20 Kali Pertemuan yang Sukses Bikin Freeport Lepas 51% Saham
PT Freeport Indonesia menyepakati persyaratan pemerintah terkait kelanjutan pertambangan di Papua. Kesepakatan itu diumumkan Menteri ESDM Ignasius Jonan bersama Menteri Keuangan, Sri Mulyani Indrawati, di Kementerian ESDM, Selasa (29/8/2017).
CEO Freeport-McMoRan Inc, Richard Adkerson, turut mendampingi Jonan dan Sri Mulyani. Intinya, Freeport sepakat kegiatan tambang di Papua diperpanjang setelah 3 syarat pemerintah terpenuhi.
Pertama, landasan hukum yang mengatur hubungan antara Pemerintah dan Freeport akan berupa Izin Usaha Pertambangan Khusus (IUPK), bukan Kontrak Karya (KK).
Kedua, divestasi saham Freeport sebesar 51% untuk Indonesia.
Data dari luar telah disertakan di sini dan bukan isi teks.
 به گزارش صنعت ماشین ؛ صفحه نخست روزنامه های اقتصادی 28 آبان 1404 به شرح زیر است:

Ketiga, Freeport membangun smelter selama 5 tahun, atau selambat-lambatnya selesai pada Oktober 2022, kecuali terdapat kondisi force majeur.
Ketiga, penerimaan negara secara agregat lebih besar dibandingkan saat masih berlaku rezim KK. Hal ini didukung dengan jaminan fiskal dan hukum yang terdokumentasi untuk Freeport.
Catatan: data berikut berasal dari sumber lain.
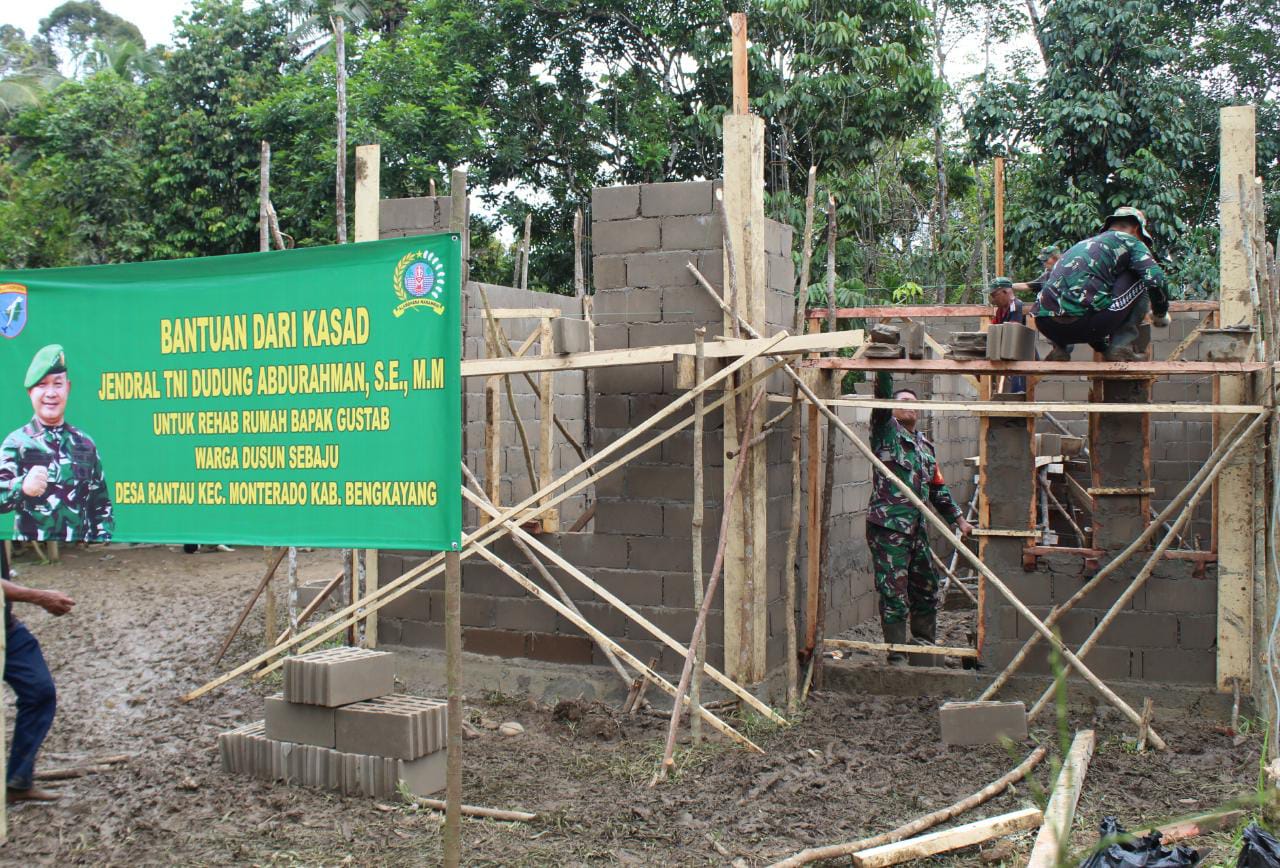 MediaSuaraMabes, Bengkayang – Hari ke enam progres pengerjaan rehab rumah tidak layak huni (RTLH) bantuan Kepala Staf Angkatan Darat (KASAD)Jendral TNI Dudung Abdurachman S.E,M.M yang dilaksanakan Kodim 1202/Skw, terus digenjot, milik bapak Gustab di RT 004 RW 002,Dusun Sibaju Desa Rantau Kec.Monterado Kabupaten Bengkayang.

Kegiatan tambang Freeport akan diperpanjang hingga 2041 sejak berakhir pada 2021 nanti, namun tidak diberikan sekaligus 20 tahun.
“Perpanjangan pertama diberikan sampai 2031, kedua sampai 2041. Apakah otomatis? Secara hukum tidak bisa, ada persyaratan misalnya harus bayar pajak royalti, tidak melanggar Undang Undang. Selama ini dipenuhi akan diberikan (perpanjangan sampai 2041), ini akan dicantumkan dalam IUPK. Kalau memenuhi ini semua otomatis akan diperpanjang,” tegas Jonan.
Menurut Jonan, butuh pertemuan berkali-kali dengan Freeport sebelum sampai pada kesepakatan itu.
“Ya kira-kira 20 kali, saya selalu laporkan ke presiden,” kata Jonan
Sri Mulyani menambahkan, kesepakatan tersebut bukan hanya memberi kepastian bagi Freeport, tapi juga untuk pemerintah. Kepastian untuk pemerintah adalah dalam hal penerimaan negara yang besarannya lebih tinggi dibandingkan pada saat rezim KK.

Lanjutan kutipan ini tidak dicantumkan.